The robots.txt file must be placed at the root of your domain, accessible at https://yourdomain.com/robots.txt. It must be at the top-level directory — not in a subdirectory. For most web servers (Apache, Nginx), place the file in the public or document root folder. For platforms like WordPress, the file is typically managed through SEO plugins like Yoast. For Next.js and similar frameworks, place it in the public directory so it is served statically at the root path.
Does Disallow: / block all crawlers from my entire site?
When applied to User-agent: *, the directive Disallow: / instructs all compliant crawlers not to access any page on your site. However, this only affects bots that respect the Robots Exclusion Protocol. Malicious scrapers, spam bots, and some AI training crawlers may ignore robots.txt entirely. Additionally, blocking crawling does not prevent indexing — if other websites link to your pages, Google may still list those URLs in search results without accessing the page content. For complete access control, combine robots.txt with server-side authentication or IP-based blocking.
Can I block AI training bots while allowing search engines?
Yes. The Block AI Bots preset creates separate User-agent blocks for GPTBot, ChatGPT-User, Google-Extended, CCBot, and anthropic-ai with Disallow: / rules, while leaving the default User-agent: * rule as Allow. This means Googlebot, Bingbot, and other search engine crawlers can still access your content normally, but AI training crawlers from OpenAI, Google AI, Common Crawl, and Anthropic are instructed not to scrape your pages. Keep in mind that compliance is voluntary — only well-behaved bots will respect these directives.

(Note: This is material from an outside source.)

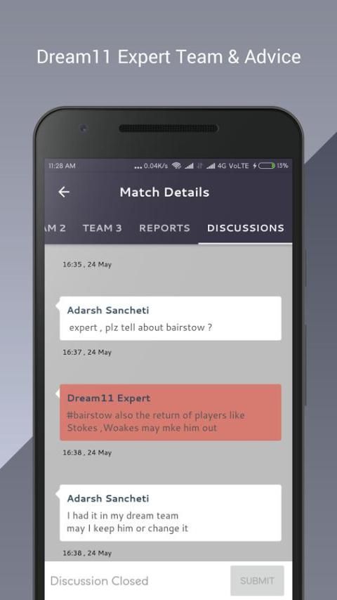 अन्य dream11 उपयोगकर्ताओं और विशेषज्ञों के साथ लाइव चर्चा।

Does robots.txt guarantee my pages will not be indexed by Google?
No, and this is one of the most common misconceptions about robots.txt. Blocking a URL in robots.txt prevents crawlers from accessing the page content, but Google may still index the URL itself if it discovers it through external links, sitemaps, or other references. The indexed result will show limited information since Google cannot read the page. To reliably prevent indexing, use a noindex meta tag in the page's HTML or an X-Robots-Tag: noindex HTTP header. These require the page to be crawlable, so do not block them in robots.txt.
What is Crawl-delay and which search engines support it?

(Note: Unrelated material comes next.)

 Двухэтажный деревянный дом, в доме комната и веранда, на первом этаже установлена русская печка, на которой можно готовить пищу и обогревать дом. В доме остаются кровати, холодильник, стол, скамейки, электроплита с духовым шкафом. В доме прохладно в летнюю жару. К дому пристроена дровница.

Crawl-delay is a directive that tells crawlers to wait a specified number of seconds between successive requests to your server. It helps prevent server overload from aggressive crawling. Bing and Yandex officially support Crawl-delay, but Google does not — Google ignores this directive entirely. To control Googlebot's crawl rate, use the Crawl Rate Settings in Google Search Console instead. If your server is struggling under crawler load, Crawl-delay can help with non-Google bots, but server-side rate limiting is a more reliable solution.
Should I include my sitemap URL in robots.txt?
Yes, adding a Sitemap directive to your robots.txt file is a recommended best practice. The Sitemap line (e.g., Sitemap: https://example.com/sitemap.xml) tells all crawlers where to find your XML sitemap, enabling faster discovery of your pages. This is especially valuable for new websites, sites with deep page hierarchies, or large e-commerce catalogs. You can include multiple Sitemap lines if you have several sitemap files. This directive works alongside submitting your sitemap through Google Search Console — both methods complement each other.
What happens if my robots.txt file has syntax errors?
Syntax errors in robots.txt can cause search engines to misinterpret your crawling rules, potentially blocking pages you want indexed or allowing access to pages you intended to block. Common errors include missing colons after directives, incorrect User-agent strings, and spaces in URLs. Googlebot is relatively forgiving with minor syntax issues, but other crawlers may be stricter. Always validate your robots.txt using Google Search Console's robots.txt Tester, which shows exactly how Googlebot interprets each rule and highlights any syntax problems.